* AIM OF THE EXERCISE *
The data below should be printed in full, exactly, and without any of its images.

* STORED DATA *
□ □ □
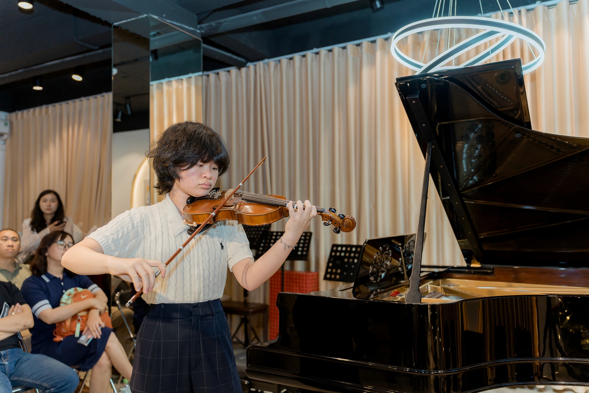 Violin là một trong những nhạc cụ cổ điển đẹp và giàu cảm xúc nhất, nổi bật với âm thanh mượt mà, sâu lắng, có khả năng chạm đến trái tim người nghe. Việc học Violin giúp người chơi phát triển khả năng nghe tinh tế, kiểm soát chuyển động chính xác và cảm âm vượt trội. Không chỉ là công cụ thể hiện cảm xúc cá nhân, Violin còn rèn luyện sự kiên nhẫn, tập trung và tinh thần kỷ luật. Dù bạn yêu thích nhạc cổ điển, nhạc phim, hay muốn thử sức với các bản nhạc hiện đại, Violin đều có thể truyền tải trọn vẹn cảm xúc và chiều sâu nghệ thuật trong từng giai điệu.
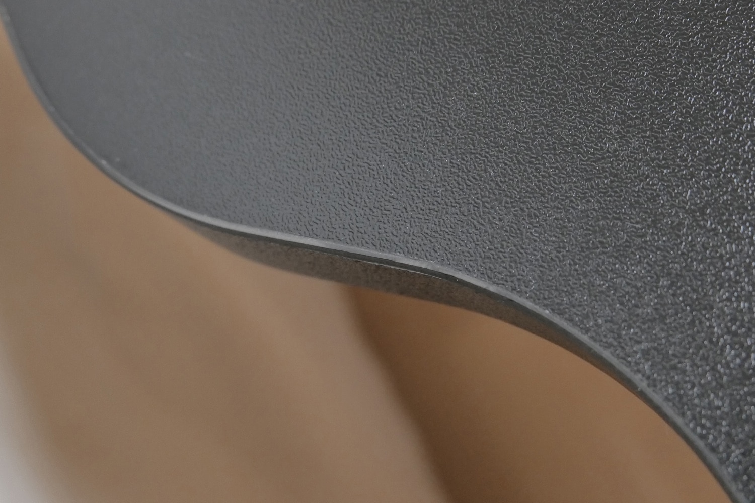 Wir haben jedoch auch einige unschöne Mängel an den verleimten Kanten der Tischplatte festgestellt, die zwar deren Funktion nicht einschränken, jedoch auch nicht gerade von einer hohen Sorgfalt bei ihrer Fertigung zeugen. Genau so verrichten die Kunststoff-Blenden der rückseitigen Löcher für das Kabelmanagement zwar ihren Zweck, fühlen sich ansonsten aber nicht sehr hochwertig an und springen bereits bei geringer Belastung, etwa durch Zug an einzelnen Kabeln, aus der Fassung.
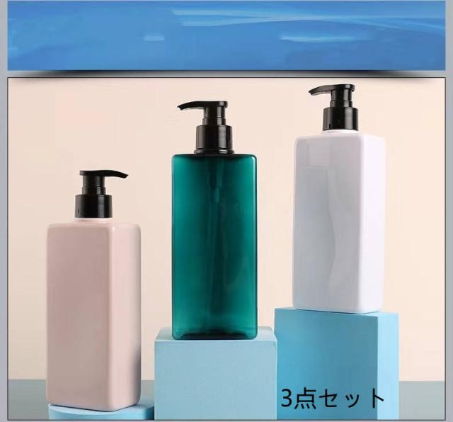 シャンプーボトル ボディーソープ コンディショナー おしゃれ 丈夫 広口 400ml 大容量 シャンプー 収納 詰め替え容器セット(ホワイト ピンク グリーン)
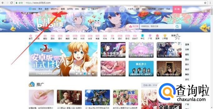 首先,使用电脑打开b站官网,登录b站并点击官网菜单栏中的直播。
□ □ □
* RESPONSE BOX *
 Violin là một trong những nhạc cụ cổ điển đẹp và giàu cảm xúc nhất, nổi bật với âm thanh mượt mà, sâu lắng, có khả năng chạm đến trái tim người nghe. Việc học Violin giúp người chơi phát triển khả năng nghe tinh tế, kiểm soát chuyển động chính xác và cảm âm vượt trội. Không chỉ là công cụ thể hiện cảm xúc cá nhân, Violin còn rèn luyện sự kiên nhẫn, tập trung và tinh thần kỷ luật. Dù bạn yêu thích nhạc cổ điển, nhạc phim, hay muốn thử sức với các bản nhạc hiện đại, Violin đều có thể truyền tải trọn vẹn cảm xúc và chiều sâu nghệ thuật trong từng giai điệu.
 Wir haben jedoch auch einige unschöne Mängel an den verleimten Kanten der Tischplatte festgestellt, die zwar deren Funktion nicht einschränken, jedoch auch nicht gerade von einer hohen Sorgfalt bei ihrer Fertigung zeugen. Genau so verrichten die Kunststoff-Blenden der rückseitigen Löcher für das Kabelmanagement zwar ihren Zweck, fühlen sich ansonsten aber nicht sehr hochwertig an und springen bereits bei geringer Belastung, etwa durch Zug an einzelnen Kabeln, aus der Fassung.
 シャンプーボトル ボディーソープ コンディショナー おしゃれ 丈夫 広口 400ml 大容量 シャンプー 収納 詰め替え容器セット(ホワイト ピンク グリーン)
 首先,使用电脑打开b站官网,登录b站并点击官网菜单栏中的直播。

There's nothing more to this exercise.